Cáncer de ovario: el gran reto sigue siendo el diagnóstico precoz

Cada año, miles de mujeres reciben un diagnóstico de cáncer de ovario cuando la enfermedad ya se ha extendido fuera del propio órgano. 

Según datos de la Sociedad Española de Oncología Médica, tres de cada cuatro tumores se detectan en fases avanzadas, lo que complica notablemente el pronóstico. Especialistas en ginecología oncológica coinciden en que el gran reto pendiente no es tanto mejorar los tratamientos disponibles, sino conseguir identificar la enfermedad mucho antes.

El tumor de ovario suele crecer en la amplia cavidad abdominal durante un tiempo indeterminado sin generar síntomas claros. Cuando el crecimiento es todavía pequeño, apenas interfiere con otros órganos y provoca, a lo sumo, molestias muy inespecíficas: sensación de hinchazón, saciedad precoz o ligeras molestias abdominales. Son señales tan comunes que rara vez hacen pensar de inmediato en un cáncer ginecológico.

Durante años, este tumor ha sido descrito como un “asesino silencioso”, una etiqueta que varias especialistas han empezado a cuestionar. Una encuesta realizada entre más de 1.700 pacientes reveló que la inmensa mayoría sí había notado síntomas perceptibles muchos meses antes de recibir el diagnóstico definitivo.

A pesar de estos datos, hoy por hoy no existe ninguna prueba de cribado poblacional capaz de detectar el cáncer de ovario en sus fases iniciales. Un amplio ensayo clínico británico, realizado con más de 200.000 mujeres, probó a combinar la ecografía transvaginal con la detección de marcadores tumorales en sangre como estrategia de detección precoz, pero, aunque logró identificar tumores en fases más tempranas, no consiguió reducir la mortalidad global de la enfermedad.

Cuando el sistema no escucha los síntomas

Al preguntar a esas pacientes qué explicación les habían dado inicialmente sus médicos, los resultados fueron reveladores: buena parte de los síntomas se atribuyeron a causas digestivas o emocionales, como el síndrome del intestino irritable, el estrés, la gastritis o la depresión. A una parte relevante de las mujeres incluso se les llegó a decir que no tenían ningún problema de salud.

Para algunas especialistas, el problema no radica tanto en que el cáncer de ovario sea silencioso, sino en que sus señales no siempre se escuchan a tiempo, ni por las propias pacientes ni por el sistema sanitario.

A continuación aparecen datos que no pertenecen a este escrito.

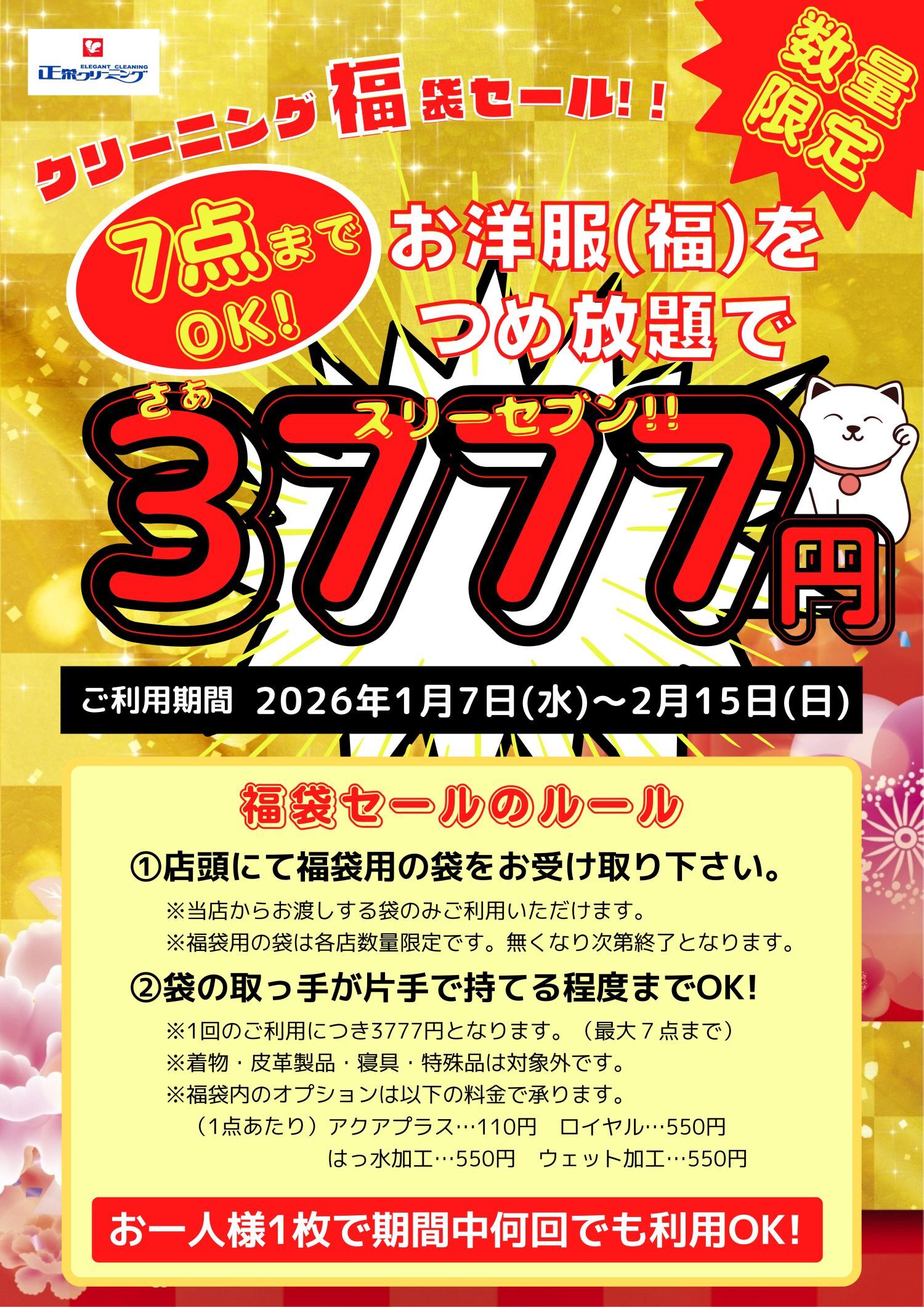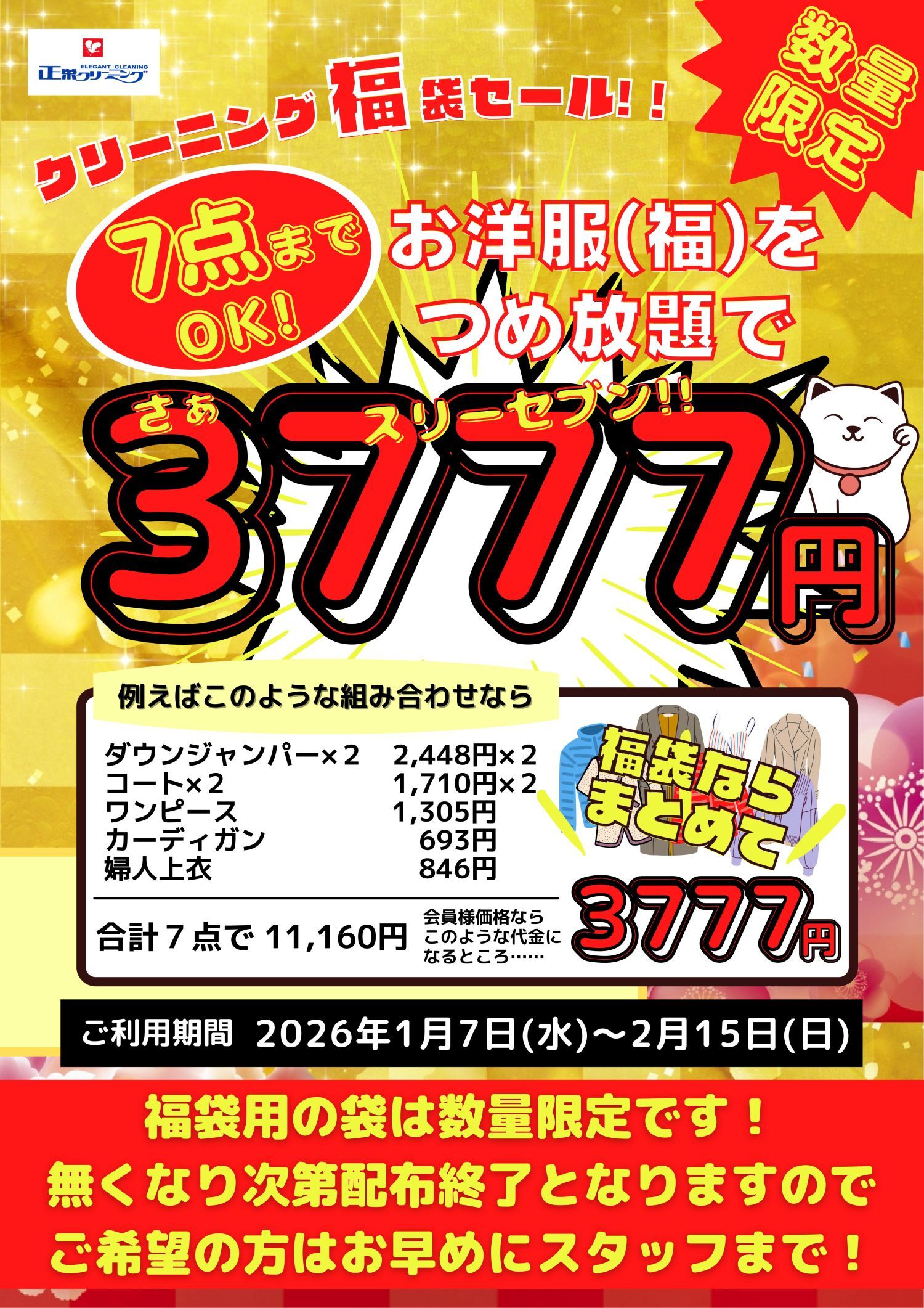 正栄クリーニング(1階)クリーニング福袋セール!!数量限定 7点までOK! お洋服(福)を つめ放題で さぁ スリーセブン!!3777円
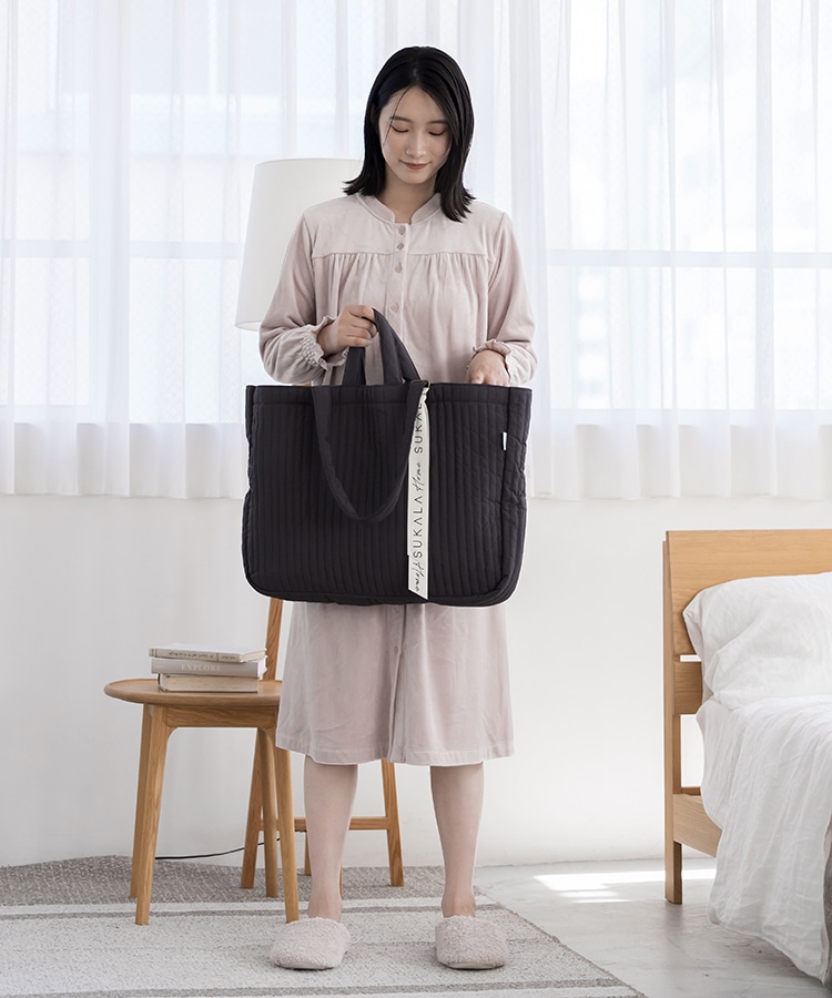 ふんわりとしたキルティング素材で、軽やかなのにしっかり収納。
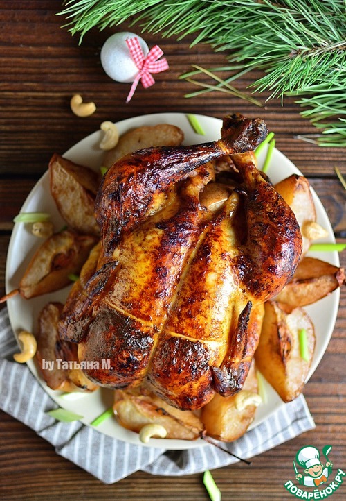 Цыпленок, запеченный с грушами под соусом
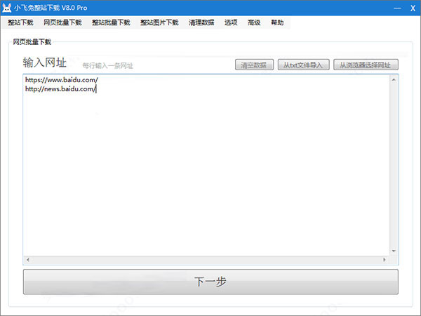 1、输入要批量下载的网址。
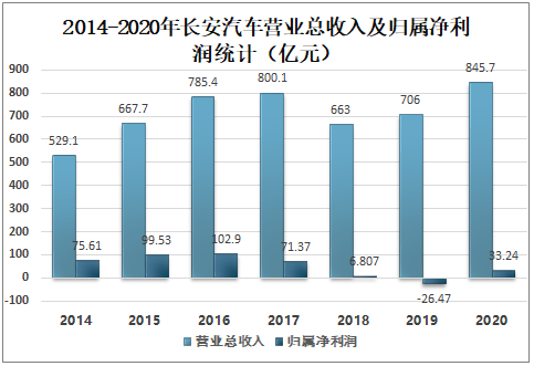2014-2020年长安汽车营业总收入及归属净利润统计(亿元)
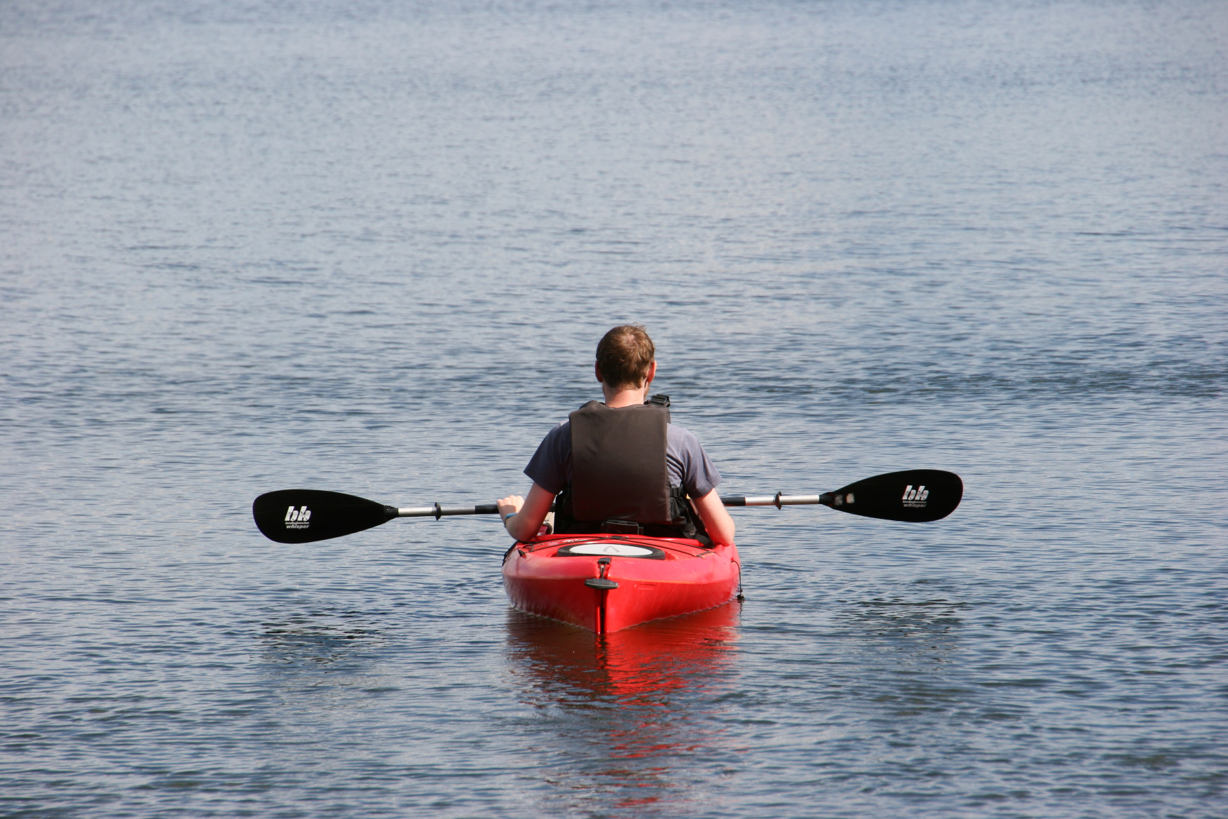 Our son, back in Minnesota for our family vacation, paddles into the lake.

A día de hoy solo puede vigilarse de cerca a un grupo reducido de mujeres con mutaciones que predisponen a la enfermedad, como las alteraciones en el gen BRCA o el síndrome de Lynch, aunque estas apenas representan una quinta parte de los casos.

Cirugía y quimioterapia, un tándem inseparable

Pese a las dificultades del diagnóstico precoz, la medicina cuenta con cada vez más herramientas para tratar el cáncer de ovario y convertirlo en una enfermedad más manejable. Los especialistas destacan cuatro pilares fundamentales: la cirugía, el diagnóstico molecular, la quimioterapia y las terapias de mantenimiento dirigidas a alteraciones genómicas concretas. La supervivencia media a cinco años se sitúa actualmente en torno al 40%.

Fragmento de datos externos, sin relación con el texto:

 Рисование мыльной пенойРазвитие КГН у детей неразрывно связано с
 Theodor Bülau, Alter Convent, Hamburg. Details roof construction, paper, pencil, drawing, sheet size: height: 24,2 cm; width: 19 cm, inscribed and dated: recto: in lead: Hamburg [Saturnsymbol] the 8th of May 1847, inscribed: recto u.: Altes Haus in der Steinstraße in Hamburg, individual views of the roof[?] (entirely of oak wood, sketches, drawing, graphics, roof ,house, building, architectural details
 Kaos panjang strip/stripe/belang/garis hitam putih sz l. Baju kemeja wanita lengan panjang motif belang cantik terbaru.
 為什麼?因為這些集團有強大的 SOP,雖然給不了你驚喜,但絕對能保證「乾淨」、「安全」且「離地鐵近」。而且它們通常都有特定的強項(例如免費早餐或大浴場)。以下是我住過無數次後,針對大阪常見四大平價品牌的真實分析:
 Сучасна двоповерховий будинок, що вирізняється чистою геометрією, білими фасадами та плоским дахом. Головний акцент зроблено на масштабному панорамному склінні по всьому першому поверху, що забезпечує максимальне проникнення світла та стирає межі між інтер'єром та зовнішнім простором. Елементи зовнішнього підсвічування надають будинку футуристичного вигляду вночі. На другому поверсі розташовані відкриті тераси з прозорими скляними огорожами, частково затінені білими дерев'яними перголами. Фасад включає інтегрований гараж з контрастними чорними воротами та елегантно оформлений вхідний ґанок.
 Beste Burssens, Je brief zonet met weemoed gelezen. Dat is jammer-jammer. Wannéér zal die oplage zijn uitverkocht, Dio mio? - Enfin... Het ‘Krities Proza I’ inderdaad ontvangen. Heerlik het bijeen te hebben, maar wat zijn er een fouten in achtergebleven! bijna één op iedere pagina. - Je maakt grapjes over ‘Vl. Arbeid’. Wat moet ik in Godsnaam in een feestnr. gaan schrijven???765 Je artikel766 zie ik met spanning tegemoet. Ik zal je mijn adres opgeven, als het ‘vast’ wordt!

En los casos más extendidos, la cirugía puede prolongarse varias horas e implicar la extirpación de múltiples órganos afectados por implantes tumorales, con la posterior reconstrucción de las vías digestiva y urinaria. El objetivo es no dejar tumor visible, ya que ese factor influye de forma decisiva en el pronóstico posterior. La quimioterapia se encarga después de eliminar la enfermedad microscópica que el ojo del cirujano no puede detectar.

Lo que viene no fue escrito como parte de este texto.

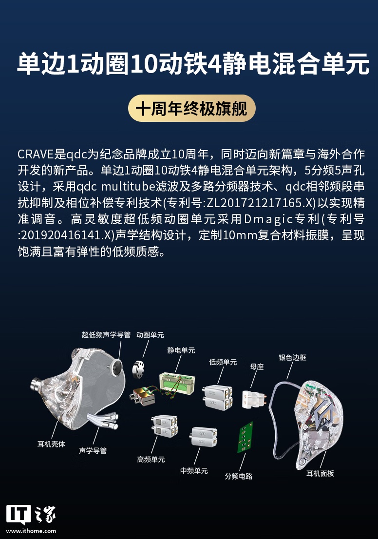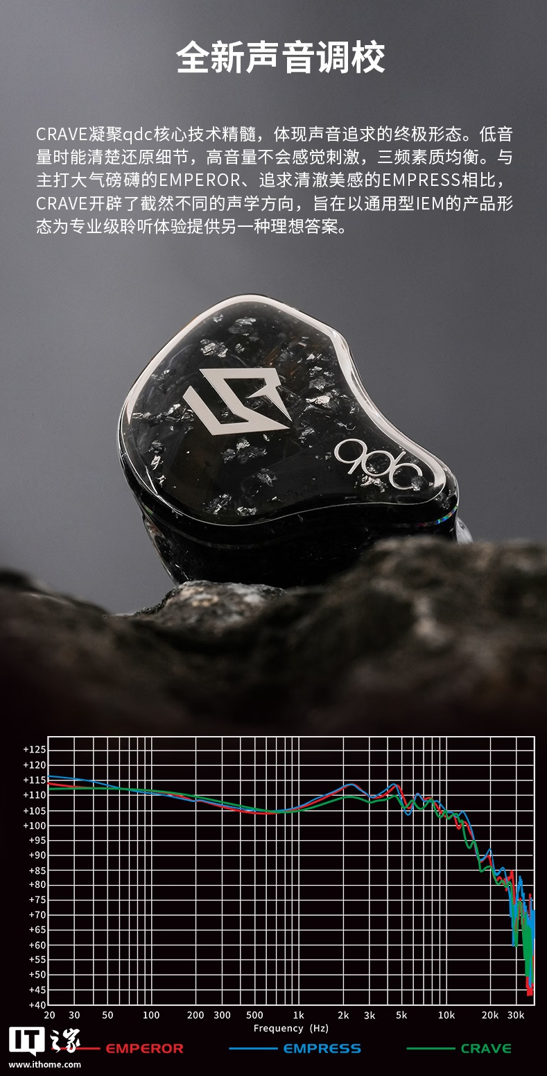 QDC 推出 CRAVE 渴望 耳机:搭载 1 动圈 10 动铁 4 静电单元,20999 元起
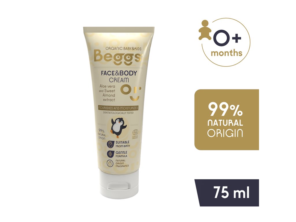 3x Beggs Dětský hydratační krém na pleť a tělo (75 ml) + taštička ZDARMA
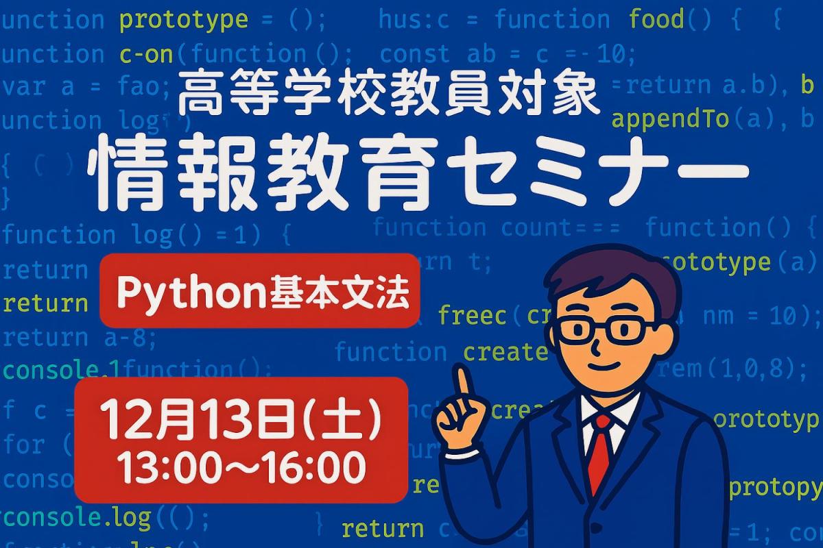 Pythonの基本文法について、例題を題材に講義・練習問題の演習を通し、理解を深めます。基礎的な内容となりますが、Pythonの特徴なども知り、実行環境についてもご説明いたします。

La detección precoz, la gran esperanza pendiente

Incluso con una cirugía exitosa, buena parte de las pacientes con tumores muy extendidos acaban recayendo, en muchos casos antes de los dos años. Cuando esto ocurre, algunas pueden someterse a nuevas intervenciones combinadas con quimioterapia adicional o participar en ensayos clínicos con fármacos experimentales, entre ellos moléculas diseñadas para transportar el tratamiento directamente hasta las células tumorales.

Los especialistas coinciden en que la verdadera revolución llegará cuando se consiga diagnosticar el cáncer de ovario en fases iniciales, antes de que el tumor se disemine por la cavidad abdominal. En esos casos, la supervivencia puede superar el 90%. Mientras esa vía de detección precoz sigue sin resolverse, la investigación continúa avanzando en nuevos fármacos y estrategias que ofrecen a las pacientes más opciones de futuro.